→ **SOURCE RECORDS**
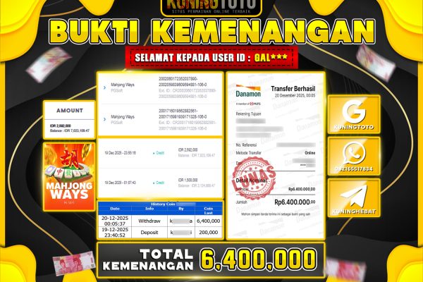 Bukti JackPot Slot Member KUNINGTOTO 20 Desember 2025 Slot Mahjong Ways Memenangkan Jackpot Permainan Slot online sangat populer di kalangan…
==
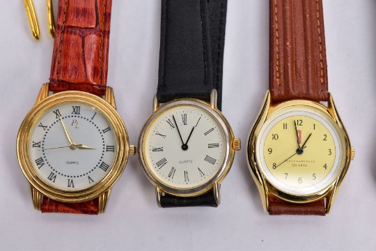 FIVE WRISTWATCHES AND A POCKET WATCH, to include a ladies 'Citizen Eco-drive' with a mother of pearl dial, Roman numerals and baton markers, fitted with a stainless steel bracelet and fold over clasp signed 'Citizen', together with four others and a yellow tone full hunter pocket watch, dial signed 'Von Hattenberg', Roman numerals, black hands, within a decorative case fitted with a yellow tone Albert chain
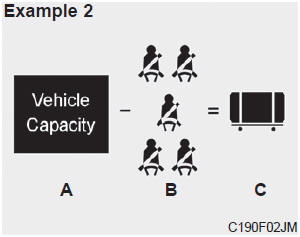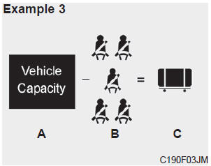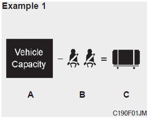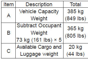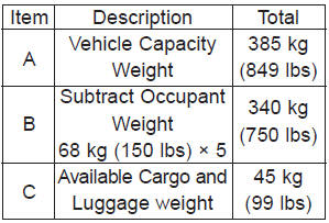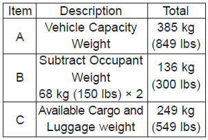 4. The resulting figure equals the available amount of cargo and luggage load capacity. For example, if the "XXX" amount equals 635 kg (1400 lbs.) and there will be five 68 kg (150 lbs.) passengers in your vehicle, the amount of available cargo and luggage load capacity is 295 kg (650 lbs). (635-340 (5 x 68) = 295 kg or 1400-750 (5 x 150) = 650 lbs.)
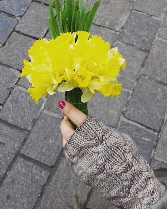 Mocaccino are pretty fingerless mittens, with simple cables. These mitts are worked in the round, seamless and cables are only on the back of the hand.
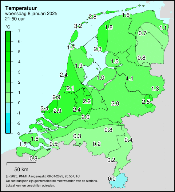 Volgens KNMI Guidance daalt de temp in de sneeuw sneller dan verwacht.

→ **YOUR OBJECTIVE**
Could you repeat, exactly, only the lines above starting at the one that has "4. The resulting" and stopping after the one that has "Volgens KNMI Guidance", without the pictures?

→ **TASK RESULT**
 4. The resulting figure equals the available amount of cargo and luggage load capacity. For example, if the "XXX" amount equals 635 kg (1400 lbs.) and there will be five 68 kg (150 lbs.) passengers in your vehicle, the amount of available cargo and luggage load capacity is 295 kg (650 lbs). (635-340 (5 x 68) = 295 kg or 1400-750 (5 x 150) = 650 lbs.)
 Mocaccino are pretty fingerless mittens, with simple cables. These mitts are worked in the round, seamless and cables are only on the back of the hand.
 Volgens KNMI Guidance daalt de temp in de sneeuw sneller dan verwacht.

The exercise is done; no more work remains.